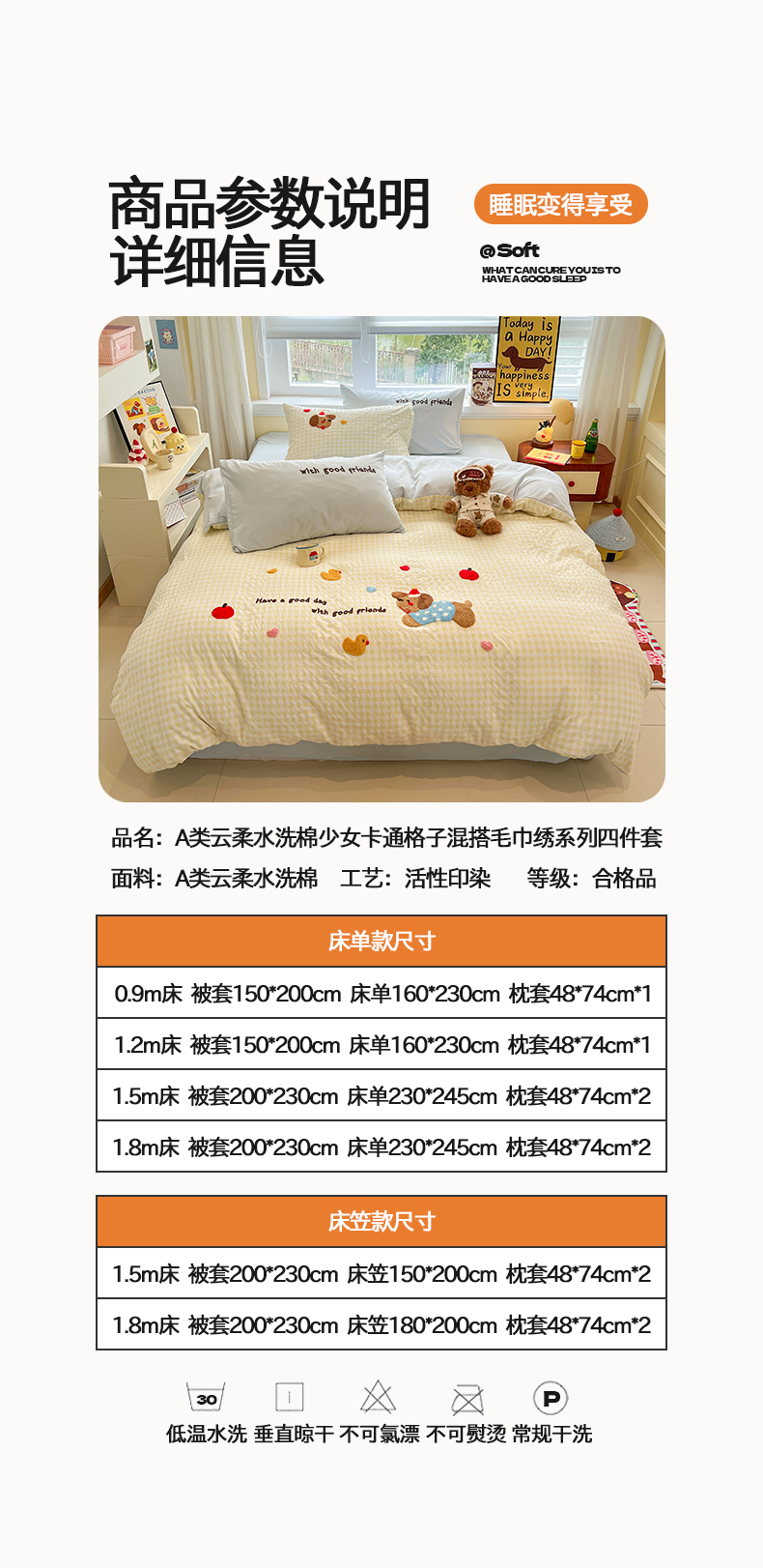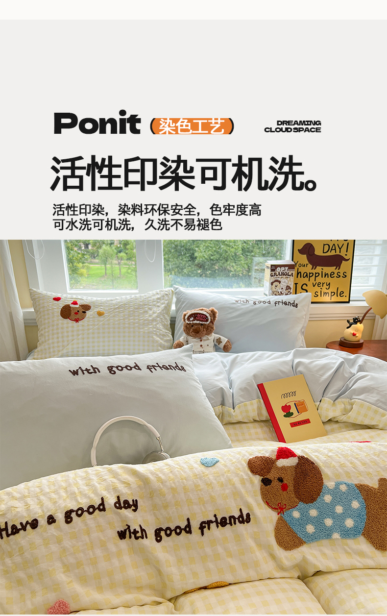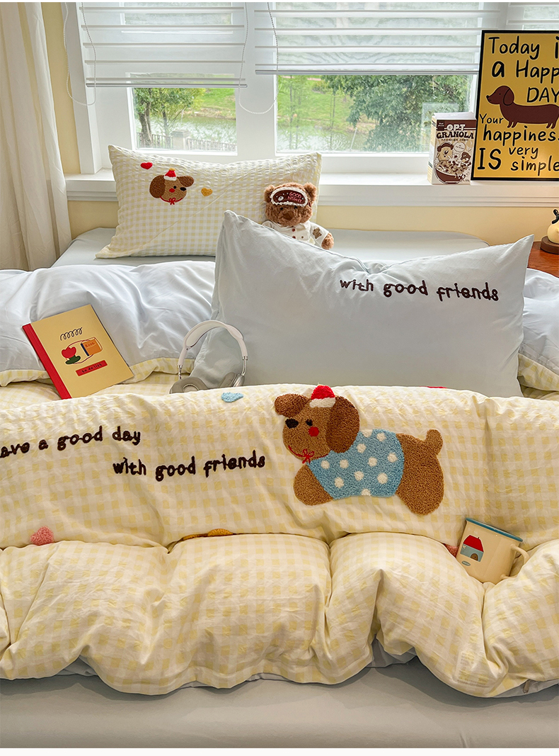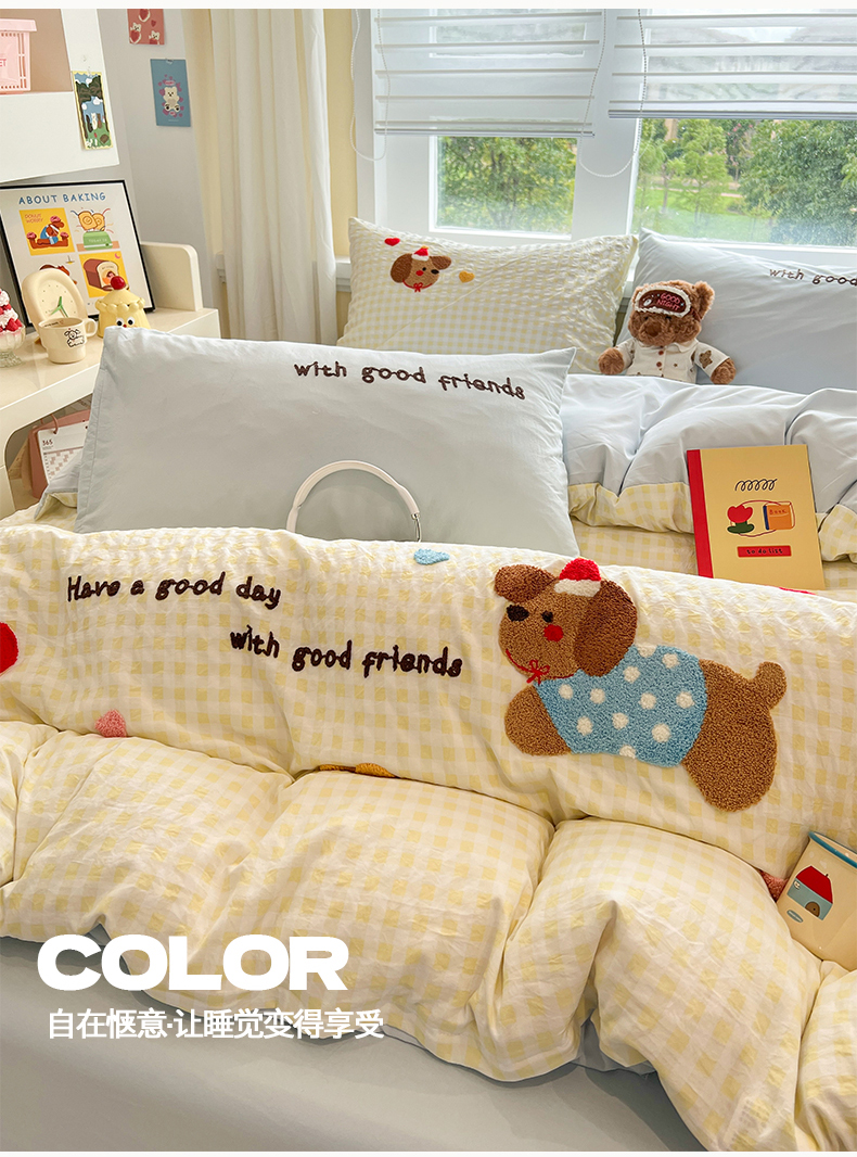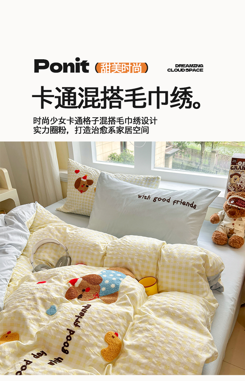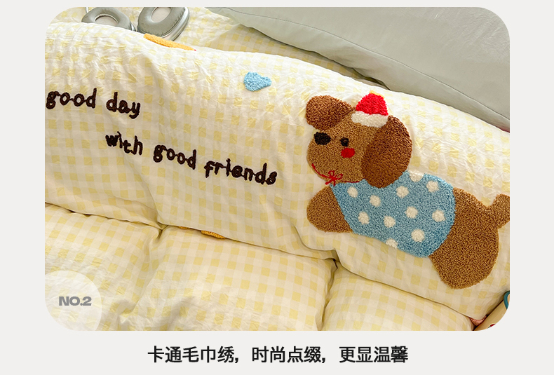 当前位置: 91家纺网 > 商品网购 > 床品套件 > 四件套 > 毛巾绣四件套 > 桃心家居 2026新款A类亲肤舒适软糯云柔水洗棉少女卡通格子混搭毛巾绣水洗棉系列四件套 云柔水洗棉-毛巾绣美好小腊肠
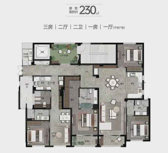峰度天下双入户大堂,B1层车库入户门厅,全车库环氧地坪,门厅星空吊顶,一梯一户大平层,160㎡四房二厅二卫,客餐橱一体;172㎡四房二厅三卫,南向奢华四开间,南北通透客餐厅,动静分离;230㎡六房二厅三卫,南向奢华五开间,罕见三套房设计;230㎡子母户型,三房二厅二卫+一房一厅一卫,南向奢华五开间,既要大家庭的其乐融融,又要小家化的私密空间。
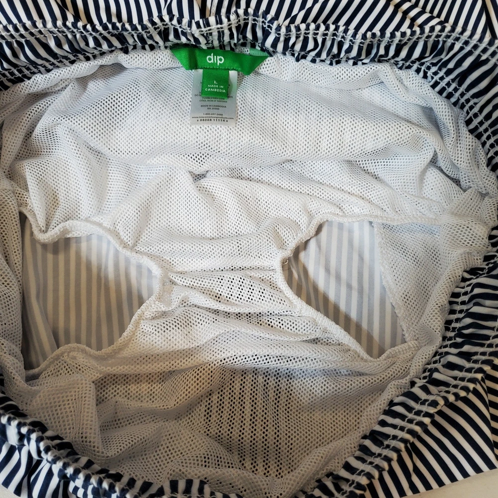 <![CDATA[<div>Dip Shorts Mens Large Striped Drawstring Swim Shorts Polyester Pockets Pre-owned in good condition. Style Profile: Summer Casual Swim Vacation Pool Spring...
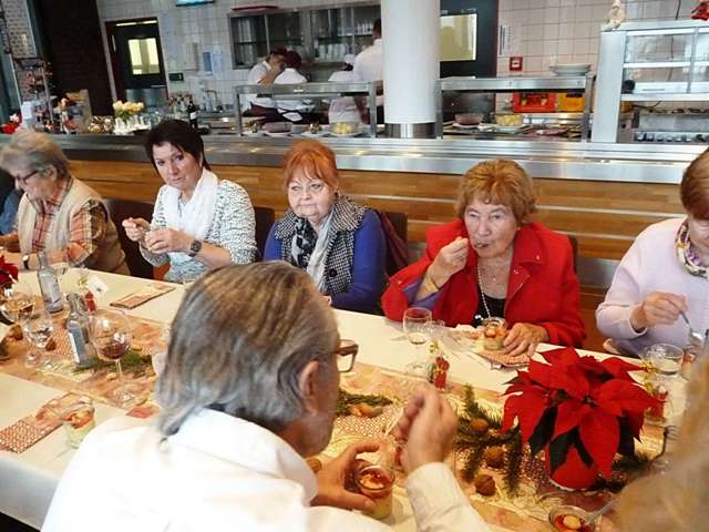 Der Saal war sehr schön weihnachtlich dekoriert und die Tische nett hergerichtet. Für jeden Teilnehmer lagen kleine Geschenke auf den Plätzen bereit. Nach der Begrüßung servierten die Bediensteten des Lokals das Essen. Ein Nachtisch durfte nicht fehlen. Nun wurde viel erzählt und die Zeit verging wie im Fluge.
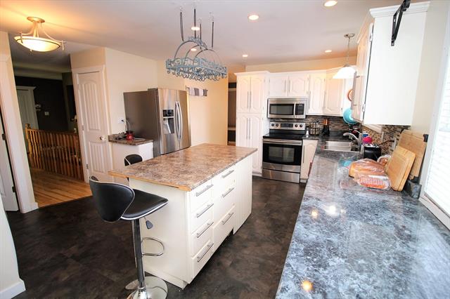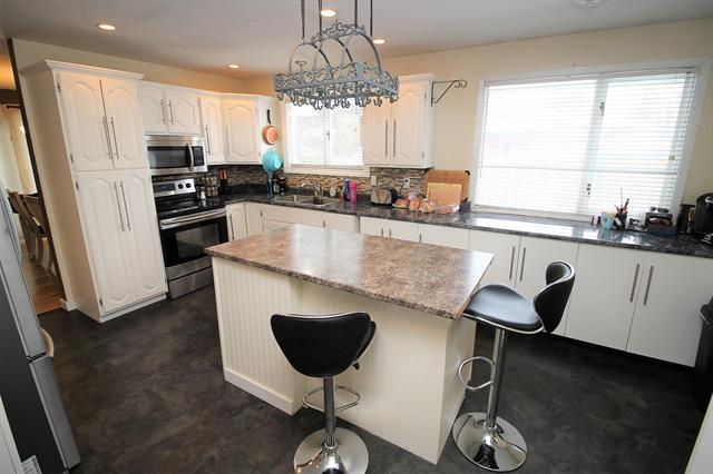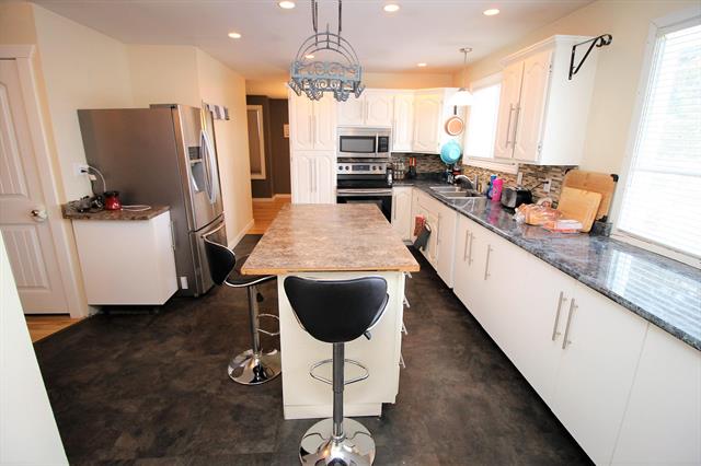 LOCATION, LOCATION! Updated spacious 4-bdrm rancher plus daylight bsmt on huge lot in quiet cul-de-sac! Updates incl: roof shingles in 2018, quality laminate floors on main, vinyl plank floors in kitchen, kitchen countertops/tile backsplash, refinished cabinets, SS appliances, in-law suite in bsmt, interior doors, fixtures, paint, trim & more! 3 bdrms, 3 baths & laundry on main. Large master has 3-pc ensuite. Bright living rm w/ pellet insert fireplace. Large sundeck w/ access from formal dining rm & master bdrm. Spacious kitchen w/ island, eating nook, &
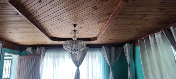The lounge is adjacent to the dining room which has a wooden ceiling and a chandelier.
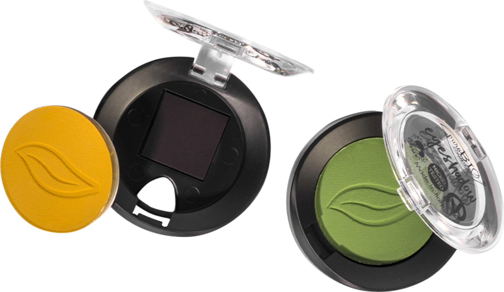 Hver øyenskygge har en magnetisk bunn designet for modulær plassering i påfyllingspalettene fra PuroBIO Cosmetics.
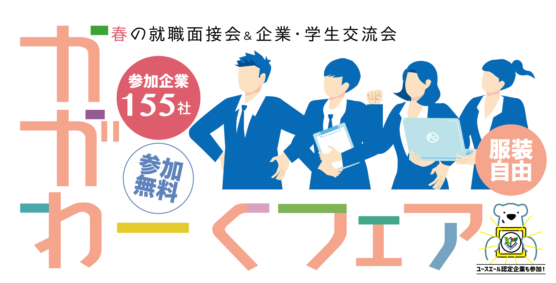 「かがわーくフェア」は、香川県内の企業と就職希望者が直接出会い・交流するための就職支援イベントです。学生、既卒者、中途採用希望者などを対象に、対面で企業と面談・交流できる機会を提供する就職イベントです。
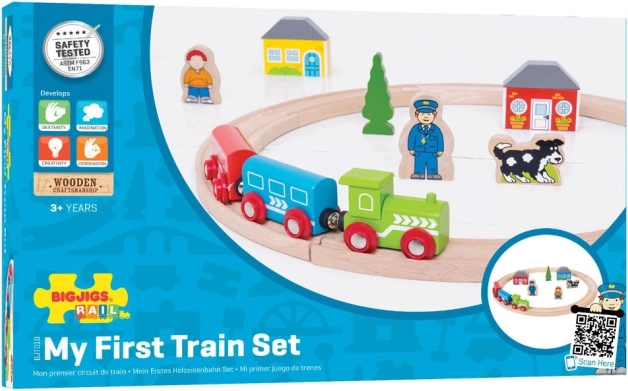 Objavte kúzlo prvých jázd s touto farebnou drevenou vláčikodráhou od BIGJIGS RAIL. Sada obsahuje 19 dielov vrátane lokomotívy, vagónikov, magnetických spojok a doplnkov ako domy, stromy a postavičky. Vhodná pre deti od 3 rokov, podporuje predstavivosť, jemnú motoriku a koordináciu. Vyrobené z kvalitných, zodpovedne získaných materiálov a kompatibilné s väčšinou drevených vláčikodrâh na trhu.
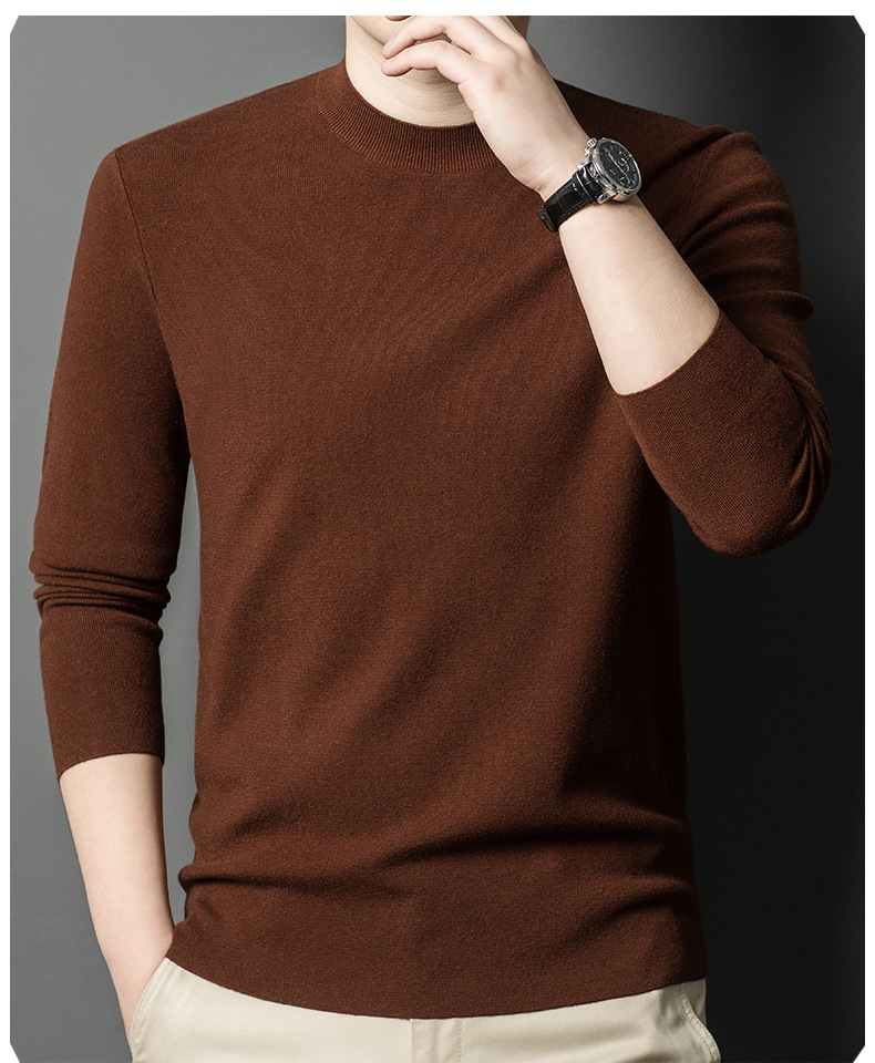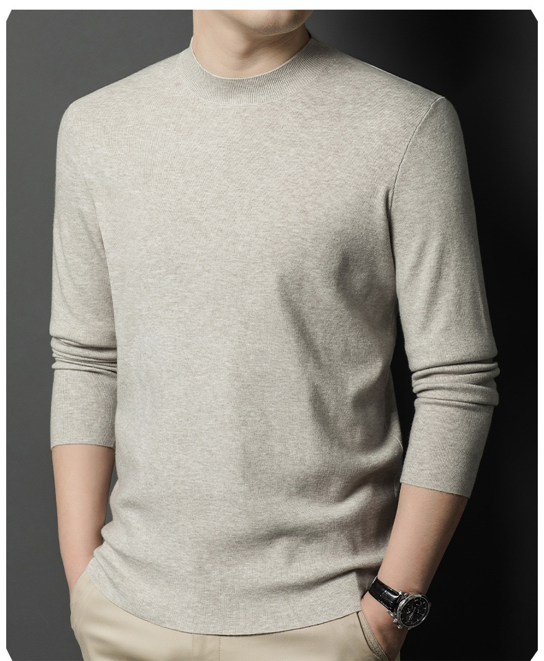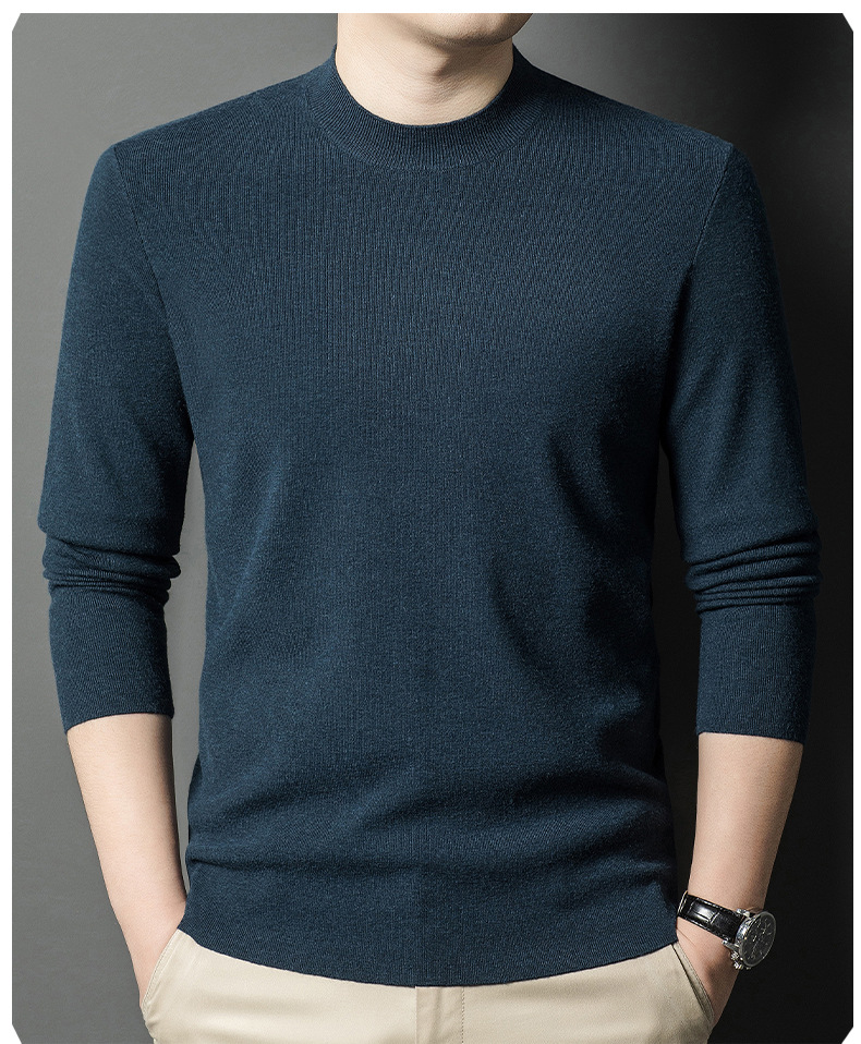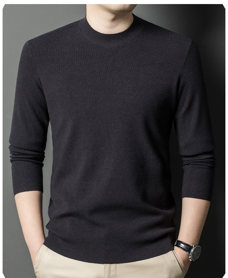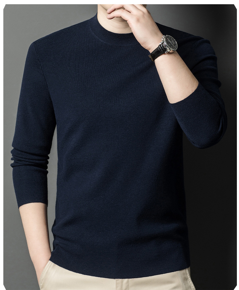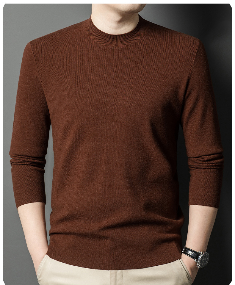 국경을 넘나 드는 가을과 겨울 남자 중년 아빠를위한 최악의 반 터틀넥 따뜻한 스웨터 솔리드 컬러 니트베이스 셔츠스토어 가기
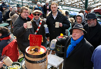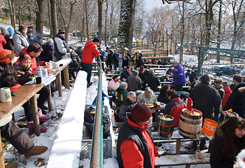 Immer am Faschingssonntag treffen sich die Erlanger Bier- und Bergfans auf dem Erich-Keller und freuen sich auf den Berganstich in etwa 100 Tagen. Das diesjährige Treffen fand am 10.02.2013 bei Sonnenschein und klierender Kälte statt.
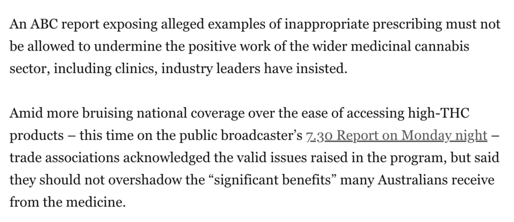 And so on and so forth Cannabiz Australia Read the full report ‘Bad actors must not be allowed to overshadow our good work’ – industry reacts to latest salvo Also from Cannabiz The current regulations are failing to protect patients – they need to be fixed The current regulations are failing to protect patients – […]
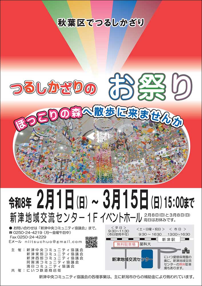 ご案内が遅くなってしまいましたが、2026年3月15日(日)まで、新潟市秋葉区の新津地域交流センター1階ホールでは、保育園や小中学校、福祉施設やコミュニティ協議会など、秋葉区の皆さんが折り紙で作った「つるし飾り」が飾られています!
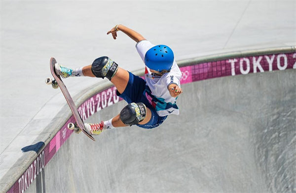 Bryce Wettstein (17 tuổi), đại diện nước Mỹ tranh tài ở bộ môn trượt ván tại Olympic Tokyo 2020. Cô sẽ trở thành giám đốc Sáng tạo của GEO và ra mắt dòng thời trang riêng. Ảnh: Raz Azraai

- [EXERCISE]
Copy each line of the records above without change, but do not include any picture.

- [EXERCISE SOLUTION]
 当前位置: 91家纺网 > 商品网购 > 床品套件 > 四件套 > 毛巾绣四件套 > 桃心家居 2026新款A类亲肤舒适软糯云柔水洗棉少女卡通格子混搭毛巾绣水洗棉系列四件套 云柔水洗棉-毛巾绣美好小腊肠
峰度天下双入户大堂,B1层车库入户门厅,全车库环氧地坪,门厅星空吊顶,一梯一户大平层,160㎡四房二厅二卫,客餐橱一体;172㎡四房二厅三卫,南向奢华四开间,南北通透客餐厅,动静分离;230㎡六房二厅三卫,南向奢华五开间,罕见三套房设计;230㎡子母户型,三房二厅二卫+一房一厅一卫,南向奢华五开间,既要大家庭的其乐融融,又要小家化的私密空间。
 <![CDATA[<div>Dip Shorts Mens Large Striped Drawstring Swim Shorts Polyester Pockets Pre-owned in good condition. Style Profile: Summer Casual Swim Vacation Pool Spring...
 Der Saal war sehr schön weihnachtlich dekoriert und die Tische nett hergerichtet. Für jeden Teilnehmer lagen kleine Geschenke auf den Plätzen bereit. Nach der Begrüßung servierten die Bediensteten des Lokals das Essen. Ein Nachtisch durfte nicht fehlen. Nun wurde viel erzählt und die Zeit verging wie im Fluge.
 LOCATION, LOCATION! Updated spacious 4-bdrm rancher plus daylight bsmt on huge lot in quiet cul-de-sac! Updates incl: roof shingles in 2018, quality laminate floors on main, vinyl plank floors in kitchen, kitchen countertops/tile backsplash, refinished cabinets, SS appliances, in-law suite in bsmt, interior doors, fixtures, paint, trim & more! 3 bdrms, 3 baths & laundry on main. Large master has 3-pc ensuite. Bright living rm w/ pellet insert fireplace. Large sundeck w/ access from formal dining rm & master bdrm. Spacious kitchen w/ island, eating nook, &
The lounge is adjacent to the dining room which has a wooden ceiling and a chandelier.
 Hver øyenskygge har en magnetisk bunn designet for modulær plassering i påfyllingspalettene fra PuroBIO Cosmetics.
 「かがわーくフェア」は、香川県内の企業と就職希望者が直接出会い・交流するための就職支援イベントです。学生、既卒者、中途採用希望者などを対象に、対面で企業と面談・交流できる機会を提供する就職イベントです。
 Objavte kúzlo prvých jázd s touto farebnou drevenou vláčikodráhou od BIGJIGS RAIL. Sada obsahuje 19 dielov vrátane lokomotívy, vagónikov, magnetických spojok a doplnkov ako domy, stromy a postavičky. Vhodná pre deti od 3 rokov, podporuje predstavivosť, jemnú motoriku a koordináciu. Vyrobené z kvalitných, zodpovedne získaných materiálov a kompatibilné s väčšinou drevených vláčikodrâh na trhu.
 국경을 넘나 드는 가을과 겨울 남자 중년 아빠를위한 최악의 반 터틀넥 따뜻한 스웨터 솔리드 컬러 니트베이스 셔츠스토어 가기
 Immer am Faschingssonntag treffen sich die Erlanger Bier- und Bergfans auf dem Erich-Keller und freuen sich auf den Berganstich in etwa 100 Tagen. Das diesjährige Treffen fand am 10.02.2013 bei Sonnenschein und klierender Kälte statt.
 And so on and so forth Cannabiz Australia Read the full report ‘Bad actors must not be allowed to overshadow our good work’ – industry reacts to latest salvo Also from Cannabiz The current regulations are failing to protect patients – they need to be fixed The current regulations are failing to protect patients – […]
 ご案内が遅くなってしまいましたが、2026年3月15日(日)まで、新潟市秋葉区の新津地域交流センター1階ホールでは、保育園や小中学校、福祉施設やコミュニティ協議会など、秋葉区の皆さんが折り紙で作った「つるし飾り」が飾られています!
 Bryce Wettstein (17 tuổi), đại diện nước Mỹ tranh tài ở bộ môn trượt ván tại Olympic Tokyo 2020. Cô sẽ trở thành giám đốc Sáng tạo của GEO và ra mắt dòng thời trang riêng. Ảnh: Raz Azraai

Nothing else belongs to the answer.